Over 1.3 million readers this year!

Some Laramie County School District 1 parents, students ask board to protect book policy Monday

Laramie County School District #1 Administration Building (file photo)

NOTE: This article includes a description of a sexual assault. Reader discretion is advised.

CHEYENNE, Wyo. — In response to the Laramie County School District 1 Board of Trustees seeing visits last month from concerned parents regarding material in its libraries that they found to be inappropriate, a contingent of parents and students from the other side of the argument made their voices heard during Monday’s board meeting.

That is, by encouraging the district to keep its book policy the way that it is now.

Nearly every public commenter given the chance to speak at Storey Gym on Monday said they were in favor of the district’s current book selection process — essentially an opt-out system, as opposed to the opt-in option some parents have argued for in prior meetings — and encouraged the board to stand defiant in front of what one speaker called a “pursuit of political gains.”

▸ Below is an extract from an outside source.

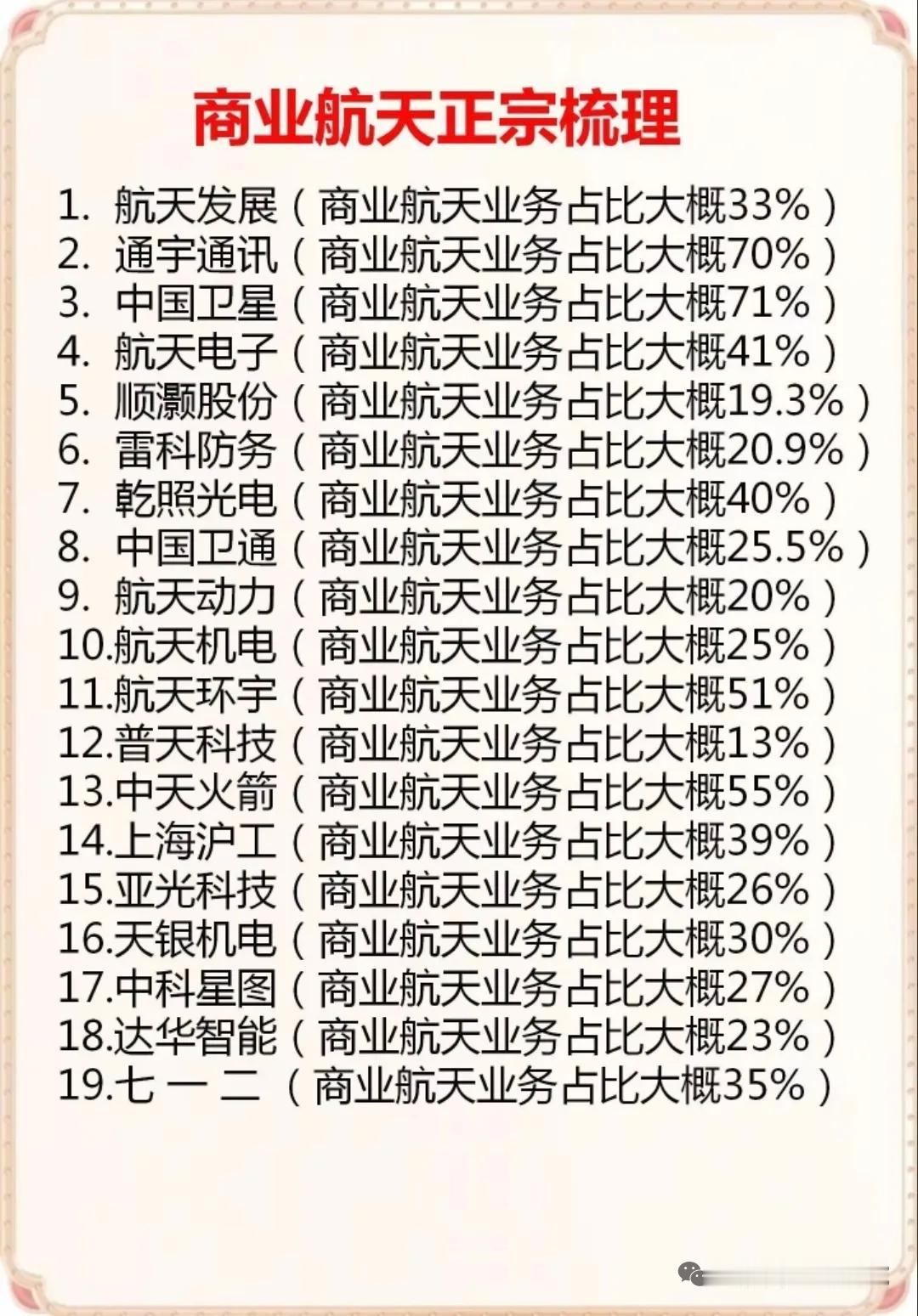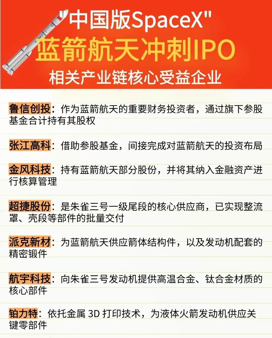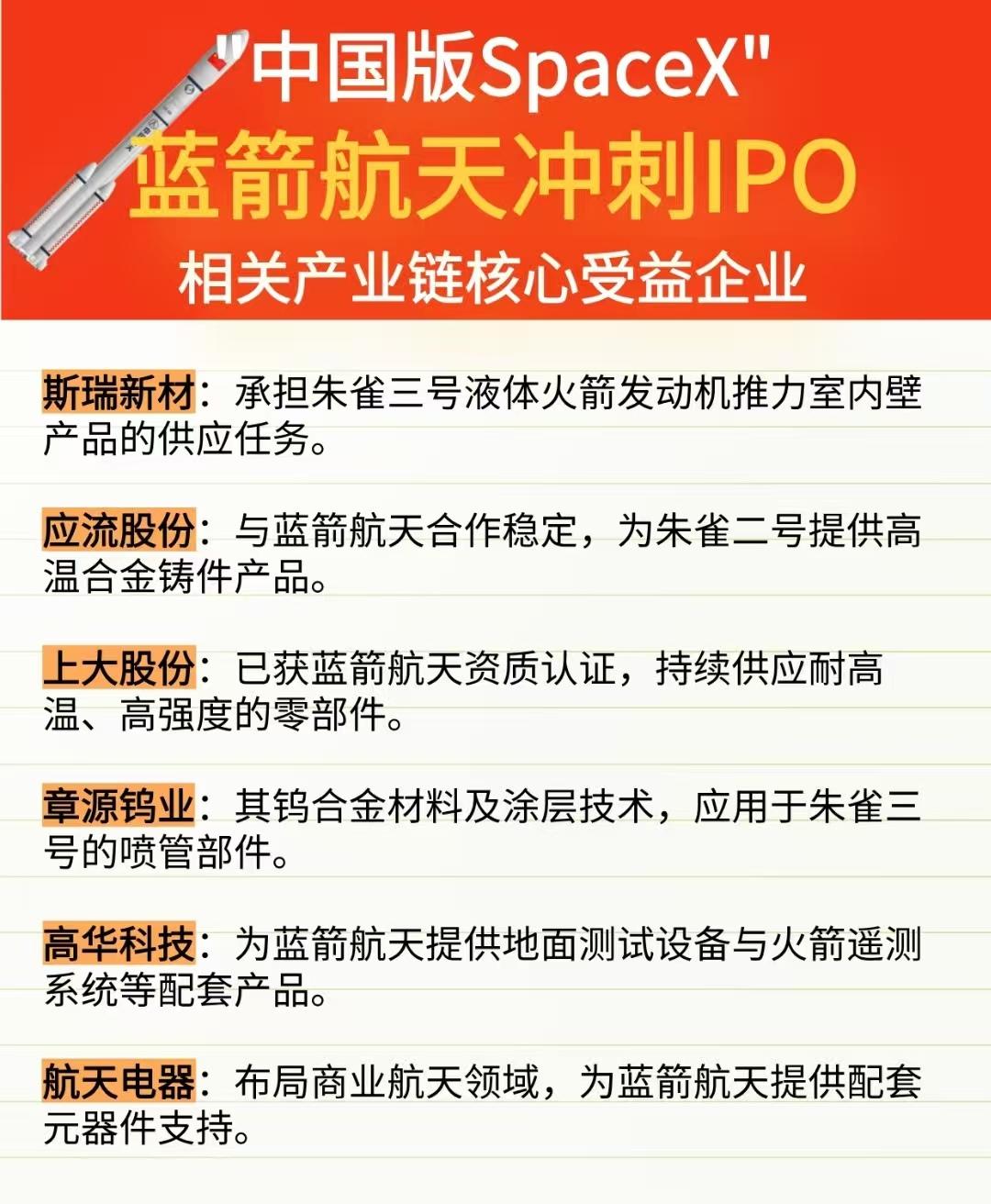 商业航天再迎政策东风!19家概念核心龙头业务占比率曝光…… 上交所发布商业火箭企业科创板第五套上市标准细化规则,明为商业火箭企业登陆资本市场划定清晰路径,行业发展按下加速键🚀! “中国版SpaceX”蓝箭航天冲刺IPO,商业航天产业链迎来新机遇!斯瑞新材、应流股份、鲁信创投等一众企业分别在零部件供应、投资布局等维度深度绑定蓝箭航天,成为产业链核心受益方,商业航天的资本版图与产业生态正加速成型🚀 国产可回收火箭虽接连两次试验失利,却未阻挡资本市场对该赛道的热情,可回收火箭概念板块逆势大涨。SpaceX、朱雀三号、天龙三号等相关产业链标的表现亮眼,超捷股份、派克新材、铂力特等供货企业,以及鲁信创投、张江高科等参股企业均跻身受益阵营,商业航天的资本热度持续攀升🚀 19家企业的商业航天概念龙头业务占比出炉:中国卫星、通宇通讯业务占比超70%位居前列,航天环宇、中天火箭等企业也在该领域布局颇深,为挖掘商业航天核心标的提供了明确参考。理财有风险入市需谨慎!

A district work session regarding the book selection process is currently scheduled for 6 to 7 p.m. Sept. 14, and the public is invited to attend. That meeting will likely lay the groundwork for any significant changes coming to the current policy — if there are any to come at all.

But in the leadup to the conversations ahead, both sides of the aisle have clearly made their frustrations and worries known.

“Every family in this district already enjoys full control over what book their student has access to,” speaker Jen Solis said. “To accommodate the needs of parents wishing to limit or restrict access, there is a system to do so. … Throwing the system out in favor of an opt-in system makes little sense to me. Requiring thousands of parents to fill out paperwork to appease the whims of dozens of parents who don’t like certain books is fiscally reckless.”

Several commenters, including district parents and current and former students, noted that the literary material they found in their school library helped them get through childhood trauma, in some cases even regarding the books they found as lifesaving.

Speaker Marcie Kindred, who stated that she was a parent of four boys in the district, recalled at the meeting an instance in which she was raped at 14. As she dealt with the trauma of being a survivor, Kindred said she found comfort in books and became a “voracious reader” in the meantime — and that the material within some of the passages she read helped her get through the anguish.

The power that books possess as a healing tool makes for more than enough reason to keep the literature in question around in local schools, some argued Monday. And for those who wish to opt their children out of reading those books in question, several speakers noted that the current district policy enables them to do so.

“Some of the books that folks would like to remove or put barriers to access quite literally saved my life,” Kindred said. “They saved my life because they talked about the things we’d like to protect our children from. They came with me into the darkness. They showed me that bad things happen to good people and that it wasn’t my fault. They made me feel less alone.

“The hardest lesson I’ve had to learn as a parent myself is that most of the time, our job is not to protect our children from the bad things in life. We’re not here to shield them from friend trouble or broken hearts, and sometimes we are unable to protect them from the darkest parts of humanity. We’re here to walk beside them. … Books can lend their wisdom and comfort when we can’t be there to walk with them.”